The “key question” that remains to be answered is how long the induced antibodies from the first immunization can last.
Also, if the booster is too different from the previous vaccine, “antibodies primed by the first vaccine may not recognize the booster and may not mature further,” Moore wrote. “However, incorporating many different injections into an HIV vaccine regimen is not attractive. Striking the right balance between the need to mature antibodies to bnAbs and real-world feasibility will be key.”
Last year, more than 38 million people were living with HIV or AIDS worldwide. More than 20 clinical trials of HIV vaccines are ongoing worldwide, according to the International AIDS Vaccine Initiative.
Many people in the United States have turned to daily HIV prevention pills or frequent injections, known as PrEPto reduce the risk of infection.

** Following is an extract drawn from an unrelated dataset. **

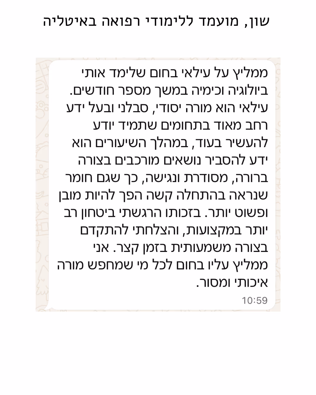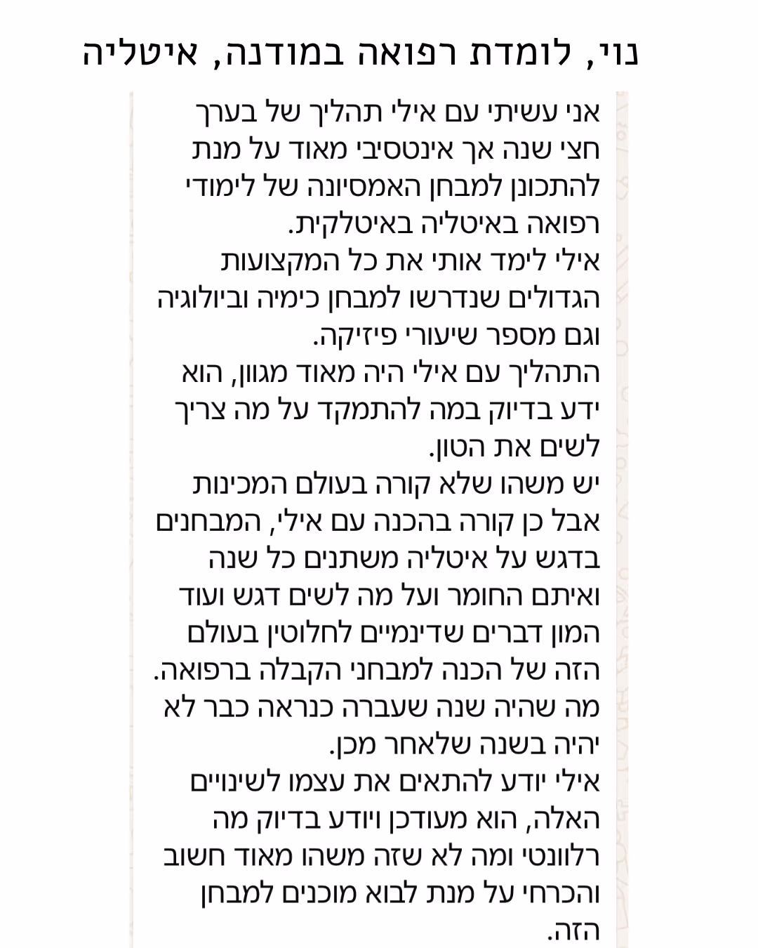 למי שיש רצון להיות רופא אבל צריך מישהו שיוביל אותו יד ביד - אם אתה רוצה להצליח, אבל צריך סדר, מסגרת, והכוונה מקצועית, כאן אתה תקבל את זה ברמה מאוד גבוהה.

“It’s a daily pill or a painful injection. It’s an injection that’s uncomfortable at best and you have to get it a few times a year,” Schacker said of PrEP.
But the availability of an HIV vaccine would make protection against the virus more accessible, he said. “If you can give a vaccine, you’re going to reach more people and provide, if you have an effective vaccine, more and better coverage to reduce the likelihood of transmission if you’re exposed.”